RNAcofold computes the hybridization energy and base pairing pattern of interacting RNA molecules by a combination of thermodynamic and kinetic considerations. It provides an extension of McCaskill’s partition function algorithm to compute base pairing probabilities (29). So, for the interaction of a target mRNA and its predicted siRNA, free energy of binding is calculated. The target-siRNA complex product prefers negative overall ΔG. A stable duplex has more negative ΔG than an unstable one (Tables 1 and 2).
Target No. | Location of Target Within mRNA | siRNA Target Within mRNA | Predicted siRNA Duplex Candidate | Length and Pattern | GC, % | Tm, °C | Free Energy of Folding With Target | ΔG binding (k/cal) | miRNA Target |
---|---|---|---|---|---|---|---|---|---|
1 | 10 - 32 | GATCCCATTATTAATGGAA | 20 | 32 (C) | 53 | 0.4 | -28.7 | 263 (86) | |
GAUCCCAUUAUUAAUGGAA | |||||||||
UUCCAUUAAUAAUGGGAUC | |||||||||
2 | 9 - 31 | GGATCCCATTATTAATGGA | 22 | 37 (C) | 46.3 | 0.6 | -30 | 182 (74) | |
GGAUCCCAUUAUUAAUGGA | |||||||||
UCCAUUAAUAAUGGGAUCC | |||||||||
3 | 35 - 57 | CTAATGTTTATCTAACCGA | 20 | 32 (C) | 47.6 | 0.5 | -26.6 | 1 (1) | |
CUAAUGUUUAUCUAACCGA | |||||||||
UCGGUUAGAUAAACAUUAG |
Characteristics of Effective siRNA Molecules Targeting Overlapping Region of M2/L mRNA
It is worth noting that targeting the overlapping regions of the transcripts simultaneously reduced the level of both transcripts (43). The overlapping region of M2/L mRNA encompasses 68 nt between M2 GE signal and L GS signal. We hypothesized that targeting these two proteins at the same time would likely abolish their function. The properties of the three designed siRNAs targeting the overlapping region of the M2/L gene are summarized in Table 2. A computer-assisted analysis of the secondary structure of the M2/L RNA sequence was performed by Mfold (Figure 3). The results showed that siRNA 1 and 2 have better accessibility to target mRNA.

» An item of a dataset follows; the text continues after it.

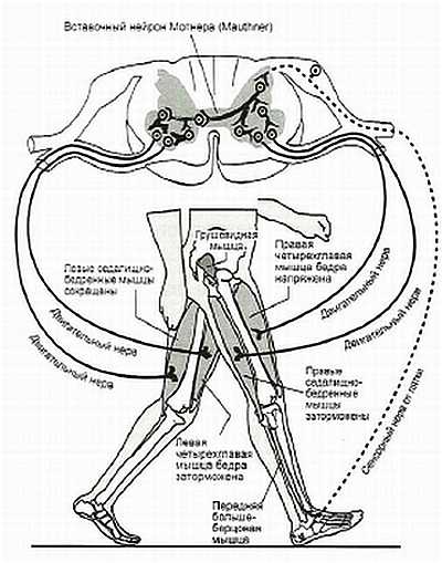 Еще один физиологический принцип играет важнейшую роль в паттернах позы и движения: рефлекс перекрестного растяжения. Он относится к рефлексу «бей или беги». Например, раздражение подошвы правой стопы болевым импульсом вызывает сгибание стопы, колена и тазобедренного сустава. Одновременно через вставочные нейроны стимулируются разгибатели левой ноги.

In conclusion, there is a major unmet medical need for an effective therapy of RSV infection and respiratory viruses may be advantageous to siRNA therapeutics. This paper focused on antivirals that utilize the siRNA pathway as a forefront of drug development. The possibility of turning off the pathogenic genes appears to be an appealing approach to slow down or stop the disease progress of a wide variety of clinical pathogens.